Les
récents échanges entre le ministre russe des Affaires étrangères,
Lavrov, et le secrétaire d’État, Kerry, ont fait avancer les choses. Les
Etats-Unis ne voulaient pas,
jusqu’à présent, accepter un véritable cessez-le-feu en Syrie. Ils
préféraient l’accord moins contraignant de « cessation des hostilités ».
Cela a changé. Les Etats-Unis ont, pour la première fois, accepté
d’aller vers un cessez-le-feu complet entre leurs forces par
procuration en Syrie et le gouvernement syrien et ses alliés.
Mardi
après l’entretien, Kerry a déclaré à la presse :
Nous pensons qu’aujourd’hui nous avons fait des progrès significatifs, et je vais vous dire précisément en quoi :
Tout
d’abord, nous nous sommes engagés à transformer la cessation des
hostilités en un cessez-le-feu global. Et nous nous sommes engagés à
utiliser notre influence pour que les camps impliqués dans la cessation
des hostilités, s’y conforment.
Deuxièmement, nous avons
convenu que si un camp montrait des signes persistants de refus de s’y
plier, les forces d’intervention pourraient en référer aux ministres du
Groupe de soutien international à la Syrie (ISSG), ou aux personnes
désignées par ces ministres, pour prendre les mesures nécessaires qui
pourraient aller jusqu’à l’exclusion de ces groupes des accords de
cessation des hostilités. En langage clair, cela signifie que s’ils
persévèrent dans leur double-jeu en continuant de vouloir faire partie
du groupe qui a accepté la cessation des hostilités sans la respecter,
ils pourraient en être exclus immédiatement.
Ces derniers mots
sont principalement dirigées contre Ahrar al Sham qui n’a jamais signé
l’accord de cessation, mais a prétendu en faire partie, tout en
continuant ses attaques contre les forces du gouvernement syrien et les
civils syriens. Kerry s’est rallié au point de vue russe qui considère
qu’Ahrar se conduit comme un groupe terroriste et qu’il doit être
éradiqué.
Quatrièmement, nous appelons tous les partis à cesser
les hostilités et à se dissocier physiquement et politiquement de Daesh
et d’al-Nusrah et d’appuyer les efforts renouvelés des États-Unis et de
la Russie pour développer une compréhension commune de la menace posée
et de la surface du territoire contrôlé par Daesh et al-Nusrah, et pour
mettre au point des méthodes permettant d’en finir avec les groupes
terroristes.
Kerry s’était déjà rallié à cette position sur
al-Qaïda et l’État islamique dans des négociations antérieures, mais,
par la suite, il était revenu en arrière sous prétexte que
« s’interposer » entre al-Qaïda et les « rebelles modérés » rendait la
lutte contre Al-Qaïda presque impossible. Il a renoncé à cet argument douteux.
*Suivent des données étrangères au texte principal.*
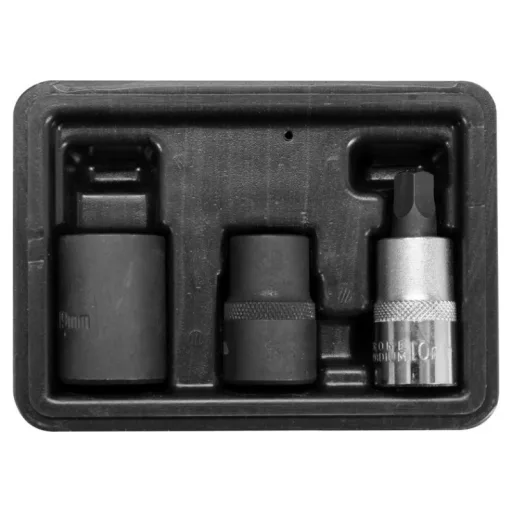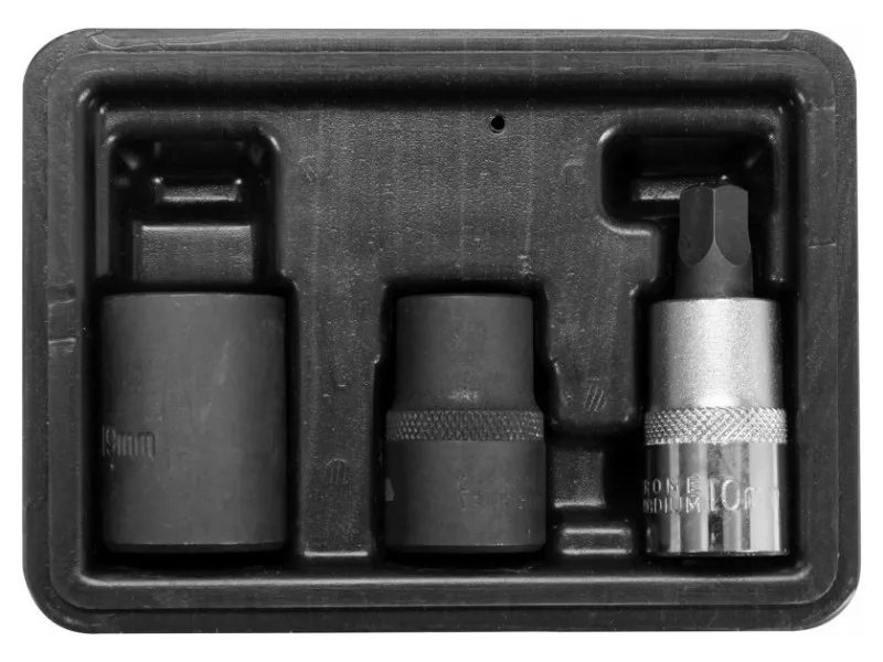 Professional set of 3 sockets designed for servicing Bendix and Girling type brakeós systems. Allows you to remove and replace brake calipersóon cars of different brands: Ford, Smart, Opel, Citroen, Peugeot, Renault.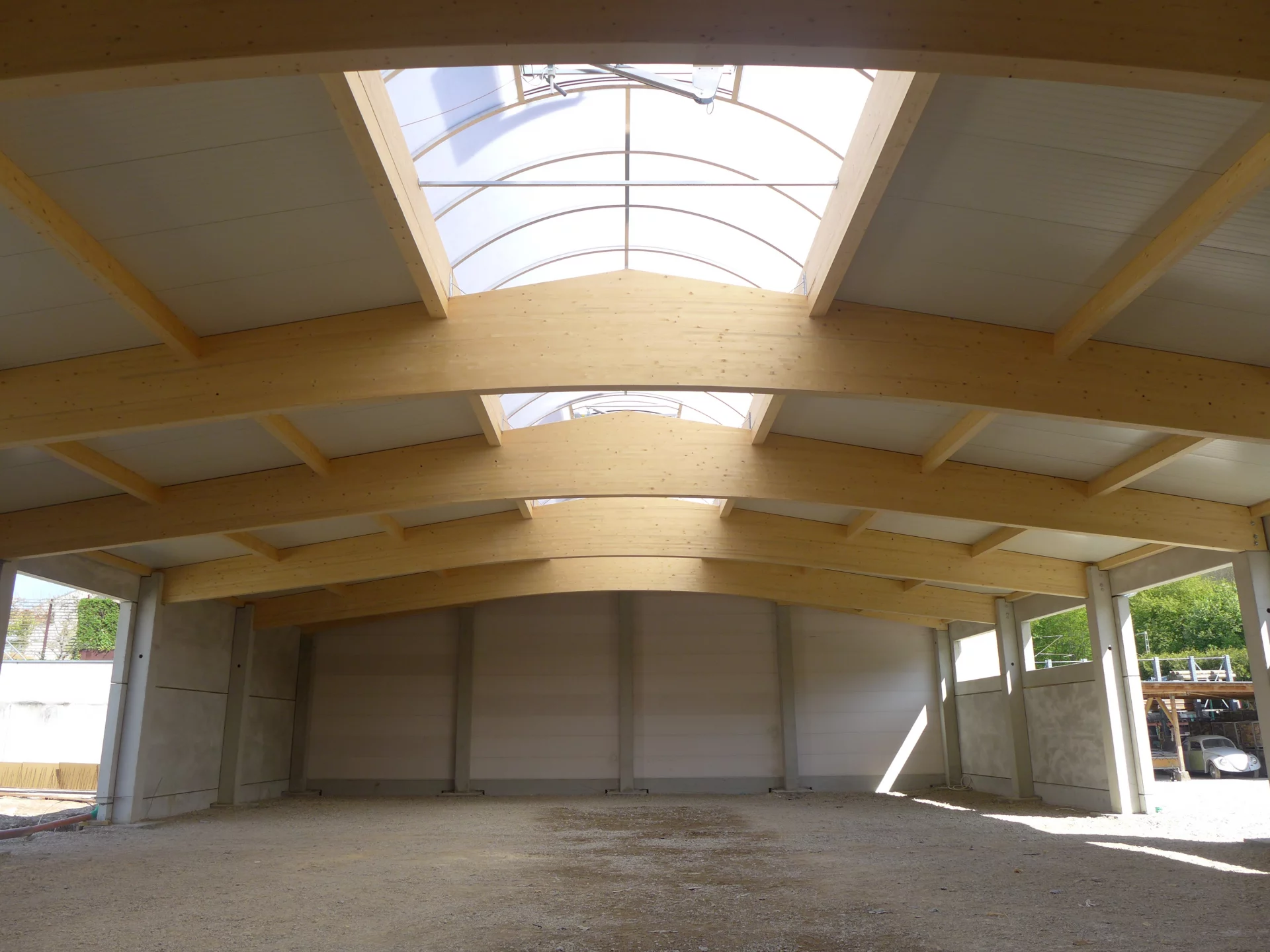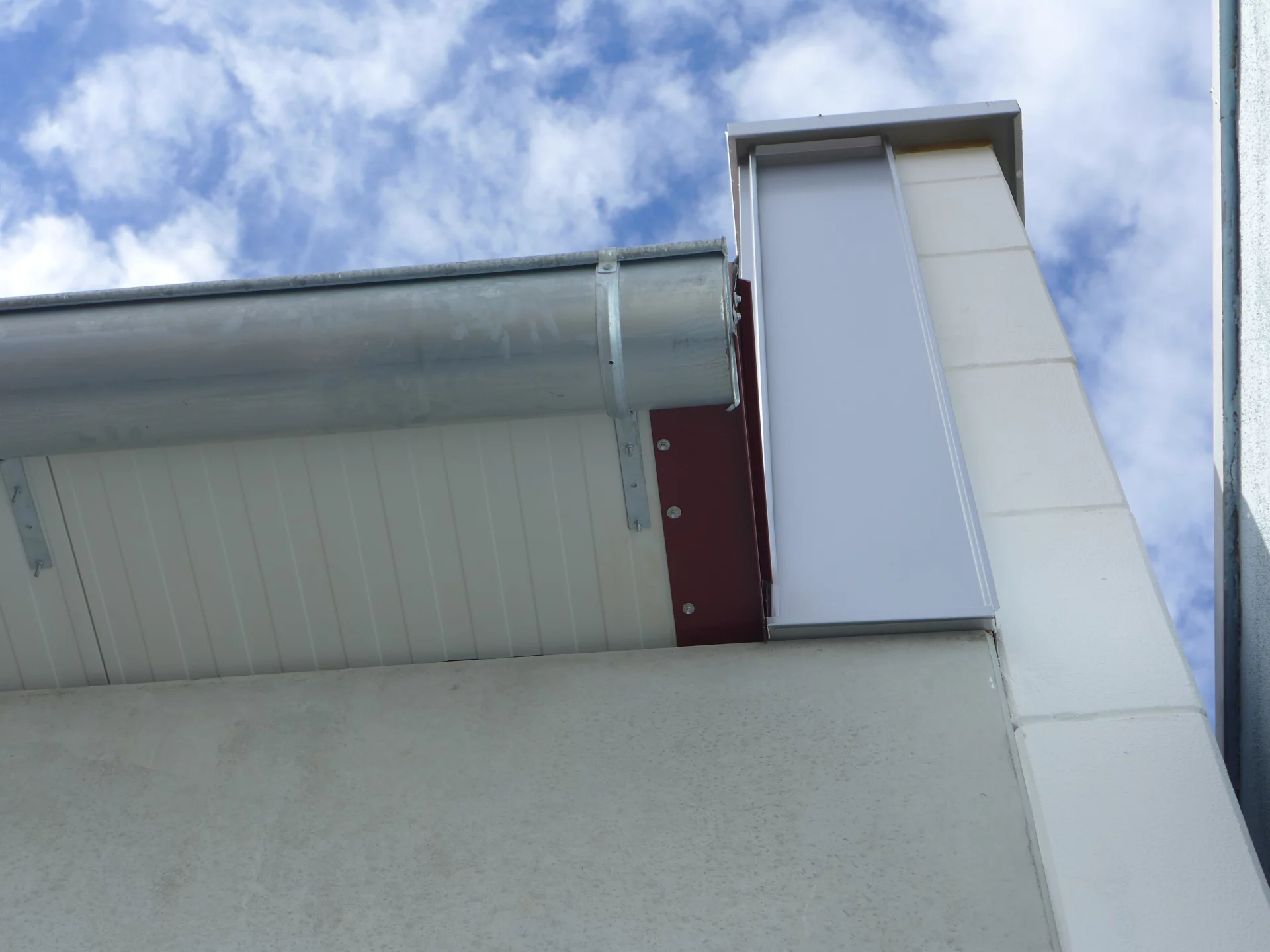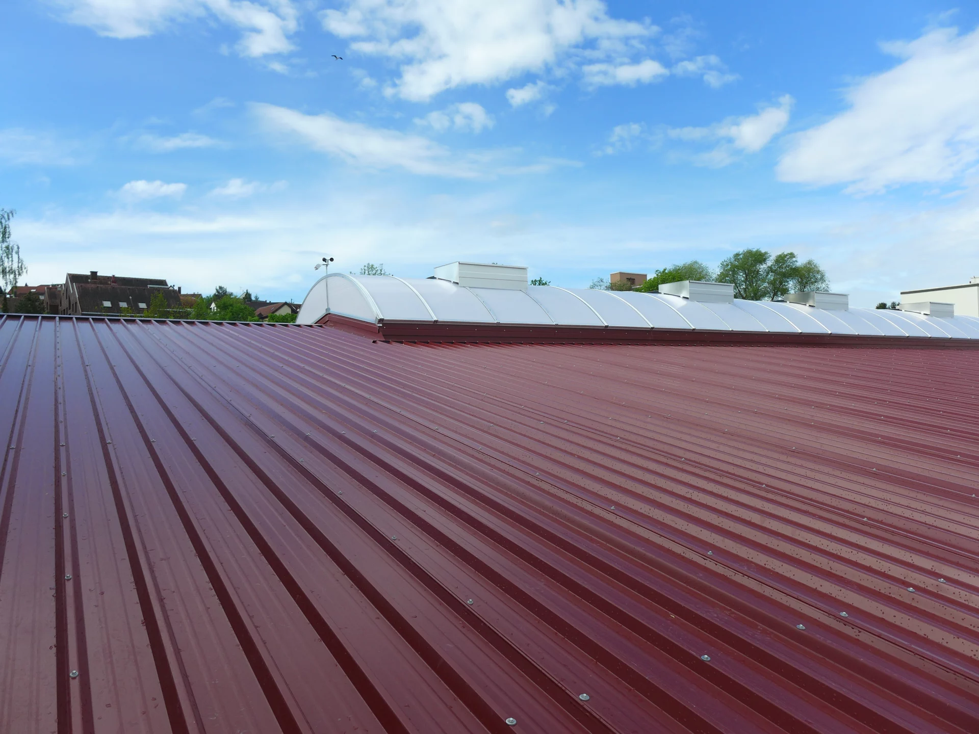 Für den Betrieb Rudolf in Weinstadt entstand eine robuste Gewerbe- und Industriehalle, die hohe Anforderungen an Tragfähigkeit und Langlebigkeit erfüllt. Die Konstruktion setzt auf massive Stahl-Betonstützen und vorgesetzten massiven Wandelementen, die der Halle ihre solide Grundstruktur verleihen. Das Dach wurde als Sandwichdach auf eingehängten Pfetten ausgeführt und gewährleistet so eine zuverlässige Dämmwirkung bei gleichzeitig langlebigem Aufbau. Integrierte RWA-Klappen sorgen im Bedarfsfall für eine effektive Rauchabführung und eine geregelte Belüftung des Halleninneren. Die Dachverkleidung aus Trapezblech in einem markanten Dunkelrot setzt einen bewussten gestalterischen Akzent und verleiht der Halle ein eigenständiges, industrielles Erscheinungsbild.

Les Etats-Unis sont maintenant d’accord pour que la Russie et le
gouvernement syrien combattent al-Qaïda et pour considérer que, si
d’autres groupes se trouvent assez près pour recevoir des coups, ils ne
pourront s’en prendre qu’a eux-mêmes.
Soit dit en passant, le rapport du New York Times
sur les négociations et sur la conférence de presse, par le
manipulateur en chef David Sanger est à miiille lieues de ce qui a été
vraiment dit.
La « cessation de la violence » est assez bien
respectée depuis fin février. Le sud est globalement calme et, ailleurs,
il n’y a que quelques points chauds où il y a encore des combats
sporadiques. Plus de 100 villages et leurs forces locales ont signé des
accords de cessez-le-feu avec le gouvernement, grâce à la médiation
russe.
Il y a aussi, depuis peu, un niveau plus profond de
coopération russo-américaine sur la Syrie et sur la lutte contre
Al-Qaïda et l’État islamique. Ils se sont mis d’accord sur un plan
d’action commune pour attaquer et éliminer les deux groupes. Dans le
cadre de ce plan, les forces irakiennes sous contrôle américain ont attaqué et occupé
Rutba dans l’ouest de l’Irak. Rutba, qui fait partie de la province
d’Anbar, contrôle une grande partie de la terre et du désert du triangle
formé par les frontières irakienne, jordanienne et syrienne.
Ce
mouvement des troupes irakiennes coupe la route du sud qui reliait
l’Etat islamique en Irak et en Syrie. La partie syro/russe de ce
mouvement sera la libération de Deir Ezzor, au sud-est de la Syrie dans
les prochains mois. L’attaque de Raqqa occupé par l’État islamique
viendra plus tard, quand une grande concentration de forces deviendra
possible.
Il y a quelques autres poudrières en Syrie. Dans l’est
du Ghouta, à l’est de Damas, les Salafistes de Jaish al-Islam parrainés
par l’Arabie saoudite se battent contre des groupes autrefois
approvisionnés par la CIA et maintenant associés à Al-Qaïda/Jabhat al
Nosra pour le contrôle de la zone. Ces combats font déjà partie de la
séparation d’avec Nosra que les États-Unis ont acceptée. Mais le combat
est sanglant avec au moins 500 morts des deux côtés au cours des
dernières semaines. L’armée syrienne, qui est le troisième acteur de la
lutte, tire son épingle du jeu et a pris aujourd’hui une partie importante du sud de la poche de Ghouta à l’est.
La
partie rebelle de la ville d’Alep, contrôlée par Al-Qaïda, est
maintenant coupée de sa seule source d’approvisionnement. Des roquettes
artisanales tirées par les rebelles frappent quotidiennement les civils
des quartiers très peuplés tenus par le gouvernement. Éliminer al-Qaïda,
maintenant assiégé dans l’est d’Alep, va nécessiter des combats très
meurtriers et très destructeurs qui pourraient prendre des mois.
Au
nord, des « rebelles modérés » soutenus par les Turcs essaient toujours
d’avancer vers l’est le long de la frontière turco-syrienne pour couper
l’accès de l’État islamique à cet endroit. Mais chaque fois qu’ils
annoncent avoir repris tel ou tel endroit à l’EI, une contre-attaque
suit, et l’EI reprend ses positions. Cette lutte entre des forces
hostiles tourne aussi à l’avantage du gouvernement syrien.
Autour
de Palmyre, l’État islamique a fait quelques attaques surprises sur le
champ pétrolier de Shear et l’aéroport militaire de T-4 sur la route de
Palmyre, vers l’ouest. L’EI a occasionné, selon des sources non
officielles, des dommages importants au matériel syrien russe sur la
base aérienne, mais aucune information sur l’incident n’a été diffusée.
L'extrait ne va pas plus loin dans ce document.